From 9fa7b958dca8dd4b670e2ccaf7dc6fe14c4d9ff9 Mon Sep 17 00:00:00 2001
From: Jerome Petazzoni <jerome.petazzoni@gmail.com>
Date: Thu, 6 Dec 2018 21:38:26 -0600
Subject: [PATCH 2/2] Update Consul demo to use Cloud auto-join

Consul 1.4 introduces Cloud auto-join, which finds the
IP addresses of the other nodes by querying an API (in
that case, the Kubernetes API).

This involves creating a service account and granting
permissions to list and get pods.

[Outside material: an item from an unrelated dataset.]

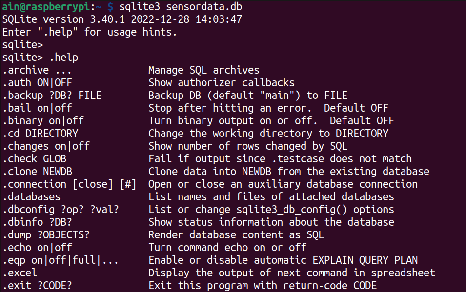 ain@raspberrypi:~ $ sqlite3 sensordata.db

It is a little bit
more complex, but it reuses previous notions (like RBAC)
so I like it better.
---
 k8s/consul.yaml            | 46 ++++++++++++++++++++++++++-------
 slides/k8s/statefulsets.md | 52 ++++++++++++++++++++++++--------------
 2 files changed, 70 insertions(+), 28 deletions(-)

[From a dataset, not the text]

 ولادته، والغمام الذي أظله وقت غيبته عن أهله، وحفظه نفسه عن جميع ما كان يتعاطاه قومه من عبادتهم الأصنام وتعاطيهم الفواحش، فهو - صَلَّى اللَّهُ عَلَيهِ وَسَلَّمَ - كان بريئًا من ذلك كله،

diff --git a/k8s/consul.yaml b/k8s/consul.yaml
index 2e5bc138..a82d4733 100644
--- a/k8s/consul.yaml
+++ b/k8s/consul.yaml
@@ -1,3 +1,37 @@
+apiVersion: rbac.authorization.k8s.io/v1
+kind: ClusterRole
+metadata:
+  name: consul
+  labels:
+    app: consul
+rules:
+  - apiGroups: [""]
+    resources:
+      - pods
+    verbs:
+      - get
+      - list
+---
+apiVersion: rbac.authorization.k8s.io/v1
+kind: ClusterRoleBinding
+metadata:
+  name: consul
+roleRef:
+  apiGroup: rbac.authorization.k8s.io
+  kind: ClusterRole
+  name: consul
+subjects:
+  - kind: ServiceAccount
+    name: consul
+    namespace: default
+---
+apiVersion: v1
+kind: ServiceAccount
+metadata:
+  name: consul
+  labels:
+    app: consul
+---
 apiVersion: v1
 kind: Service
 metadata:
@@ -24,6 +58,7 @@ spec:
       labels:
         app: consul
     spec:
+      serviceAccountName: consul
       affinity:
         podAntiAffinity:
           requiredDuringSchedulingIgnoredDuringExecution:
@@ -37,18 +72,11 @@ spec:
       terminationGracePeriodSeconds: 10
       containers:
         - name: consul
-          image: "consul:1.2.2"
-          env:
-            - name: NAMESPACE
-              valueFrom:
-                fieldRef:
-                  fieldPath: metadata.namespace
+          image: "consul:1.4.0"
           args:
             - "agent"
             - "-bootstrap-expect=3"
-            - "-retry-join=consul-0.consul.$(NAMESPACE).svc.cluster.local"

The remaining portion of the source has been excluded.